7. Money laundering generally involves three key stages to integrate funds into the legal financial system.

(i) Placement: The crime money is injected into the formal financial system.

 

(ii) Layering: Money injected into the system is layered and spread over various transactions and book-keeping tricks to hide the source of origin.

(iii) Integration: Laundered money is withdrawn from the legitimate account to be used for criminal purposes. Now, money enters the financial system in such a way that the original association with the crime is disassociated. The money now can be used by the offender as legitimate money.

Notably, it is not necessary for money laundering cases to have all three stages; some stages may be combined, or several stages may repeat multiple times.

8. There are various methods through which money laundering is done, such as:

(i) Smurfing (the criminal breaks up large chunks of cash into multiple small deposits, often spreading them over many different accounts, to avoid detection.)

(ii) “Mules” (cash smugglers, who sneak large amounts of cash across borders and deposit them in foreign accounts, where money-laundering enforcement is less strict.)

(iii) Gambling and laundering money at casinos;

(iv) Hawala transactions

(v) Investing in commodities such as gems and gold that can be moved easily to other jurisdictions

(vi) Discreetly investing in and selling valuable assets such as real estate, cars, and boats;

(vii) Counterfeiting

(viii) Use of currency exchanges

(ix) Using shell companies (inactive companies or corporations that essentially exist on paper only).

9. The FATF monitors countries to ensure full and effective implementation of FATF standards. FATF mutual evaluations provide detailed country reports analyzing the effectiveness of measures against money laundering, as well as terrorist and proliferation financing.

10. The mutual evaluations reports consist of peer reviews, where members from various countries evaluate another country. After analyzing a country’s anti-money laundering and counter-terrorist financing system, mutual evaluations provide recommendations to further strengthen its framework.

11. The Paris-based intergovernmental organisation FATF is the global money laundering and terrorist financing watchdog. It was formed in 1989 as a G7 initiative to examine and develop measures to combat money laundering. In 2001, the FATF expanded its mandate to also combat terrorist financing.

12. The FATF is a 40-member body. India became a member of FATF in 2010.

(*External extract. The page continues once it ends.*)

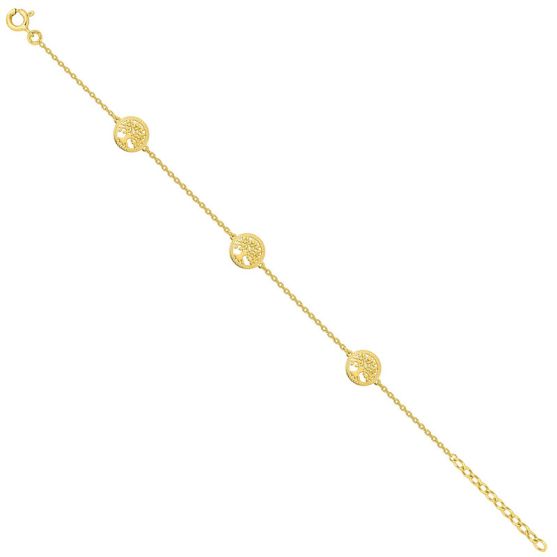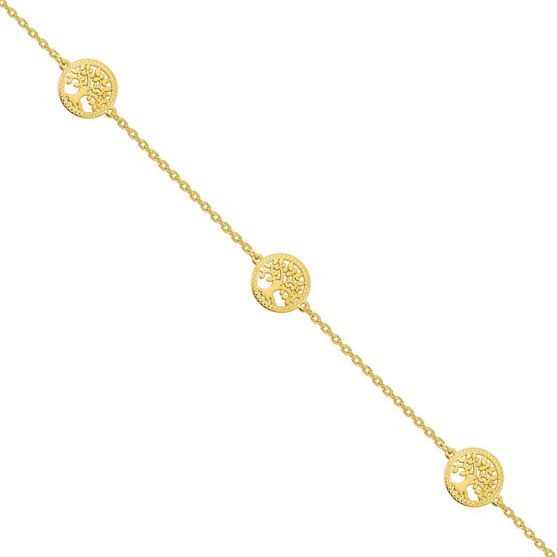 Ce bracelet plaqué or présente 3 ravissants motifs arbre de vie sur une chaine maille forçat.

13. FATF has outlined a framework of measures to help countries tackle illicit financial flows. These are listed as 40 Recommendations that are divided into seven distinct areas: (i) AML/CFT Policies and coordination, (ii) Money laundering and confiscation, (iii) Terrorist financing and financing of proliferation, (iv) Preventive measures, (v) Transparency and beneficial ownership of legal persons and arrangements, (vi) Powers and responsibilities of competent authorities and other institutional measures, (vii) International cooperation.